In this article, we will explore the process of visualizing K-means clustering results using two popular R packages: factoextra and ggpubr.
Required R Packages
To follow along with this guide, you'll need to install and load the following R packages:
ggpubr
factoextra
You can install these packages by running the following code:
library(ggpubr)
library(factoextra)
Data Preparation
For this example, we will use the famous iris dataset. This dataset contains 150 samples from three species of iris (setosa, versicolor, and virginica). Each sample is described by four variables: sepal length, sepal width, petal length, and petal width.
data("iris")
df <- iris
head(df, 3)
K-Means Clustering Calculation Example
To perform K-means clustering on the iris dataset, we will remove the species column (the fifth column) and scale the remaining variables using the scale()

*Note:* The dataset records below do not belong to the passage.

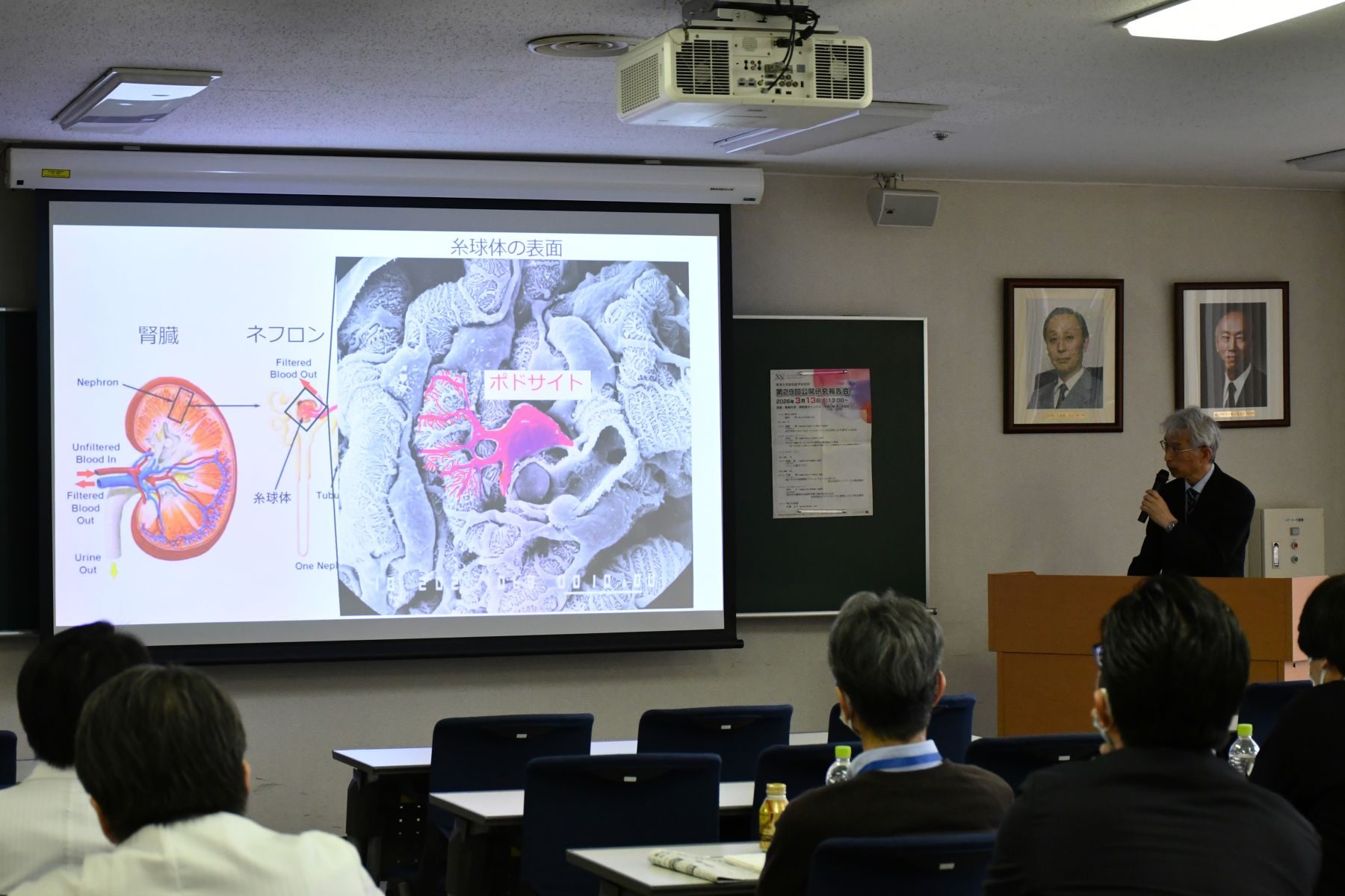 「たこ足細胞に魅せられた27年」と題して講演した松阪教授は、腎臓の糸球体上皮細胞(たこ足細胞)の傷害による腎不全の発症機序の解明や治療法開発への道筋を見いだすための研究成果について解説。MNTCとの共同研究や本研究所の宿泊研修会でのエピソードを紹介し、「腎臓病の有効な治療法・予防法の開発は喫緊の課題であり、新しいアイデアを持ってこの分野の研究を発展させてほしいと願っています。親しくしてくださった多くの先生方に感謝します」と結びました。
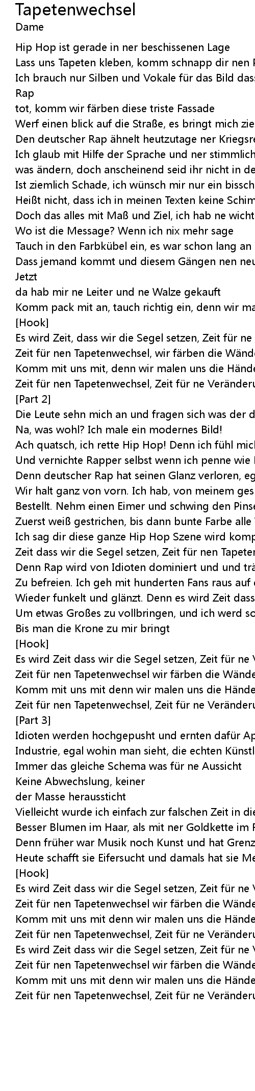 | Zeit für nen Tapetenwechsel, Zeit für ne Veränderung |
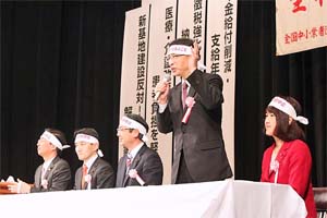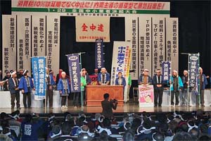 メインスローガンは「消費税10%は延期でなく中止に!内需主導の循環型で景気回復を!」。党を代表して山下よしき書記局長があいさつ。藤野保史、真島省三、倉林明子、梅村さえこ議員と一緒に決意表明。
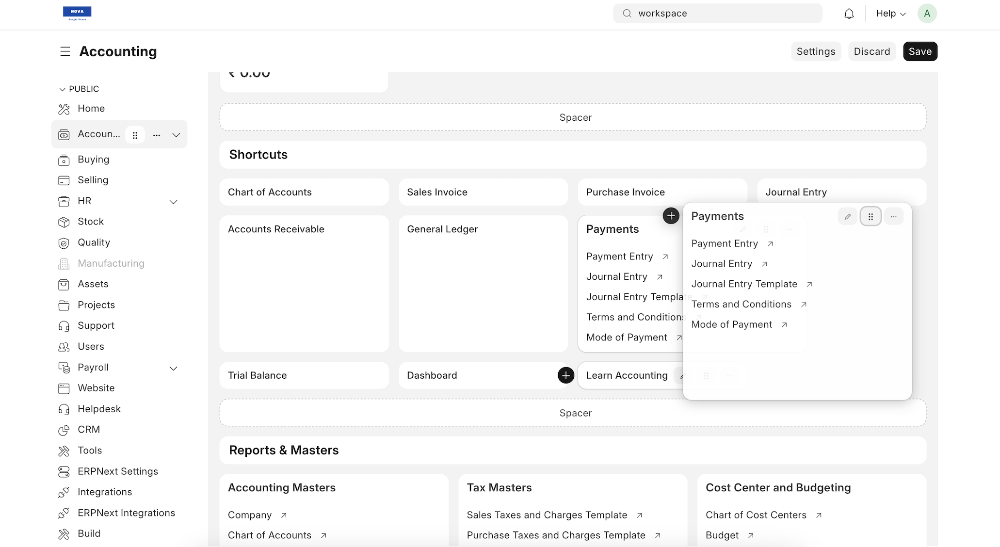 When you log into your Framework app, the first thing you see is the workspace. The default workspace helps you navigate your system, but you can customize it to organize and access your most-used DocTypes, reports, and key charts. This way, you can monitor everything that matters at a glance.

function. Then, we'll use the kmeans()
function from the stats
package to cluster the data.
# Scale the data
df_scaled <- scale(df[, -5])
# Perform K-means clustering
set.seed(123)
kmeans_result <- kmeans(df_scaled, centers = 3)
# Print the cluster assignments
print(kmeans_result$cluster)
Visualizing K-Means Clusters with factoextra
To visualize the K-means clusters using factoextra, we'll first compute the individual coordinates of each sample using principal component analysis (PCA). Then, we'll add the cluster assignments and species labels to the coordinate data.
# Compute PCA
res.pca <- prcomp(df_scaled, scale = TRUE)
# Extract individual coordinates
ind.coord <- as.data.frame(get_pca_ind(res.pca)$coord)
# Add cluster assignments and species labels
ind.coord$cluster <- factor(kmeans_result$cluster)
ind.coord$Species <- df$Species
# Data inspection
head(ind.coord)
Visualizing K-Means Clusters with ggpubr
To visualize the K-means clusters using ggpubr, we'll create a scatter plot of the first two PCA dimensions, color-coded by cluster assignments. We'll also add concentration ellipses and cluster centroids to the plot.
# Create the scatter plot
ggscatter(
ind.coord, x = "Dim.1", y = "Dim.2",
color = "cluster", palette = "npg", ellipse = TRUE, ellipse.type = "convex",
shape = "Species", size = 1.5, legend = "right", ggtheme = theme_bw(),
xlab = paste0("Dim 1 (", variance.percent[1], "% )" ),
ylab = paste0("Dim 2 (", variance.percent[2], "% )" )
) +
stat_mean(aes(color = cluster), size = 4)
This plot shows the K-means clusters in a two-dimensional representation, with each point colored according to its cluster assignment and labeled by species. The concentration ellipses represent the distribution of points within each cluster.
###In this article, we've demonstrated how to visualize K-means clustering results using factoextra and ggpubr in R. By following these step-by-step examples, you can easily create interactive visualizations of your own K-means clustering results.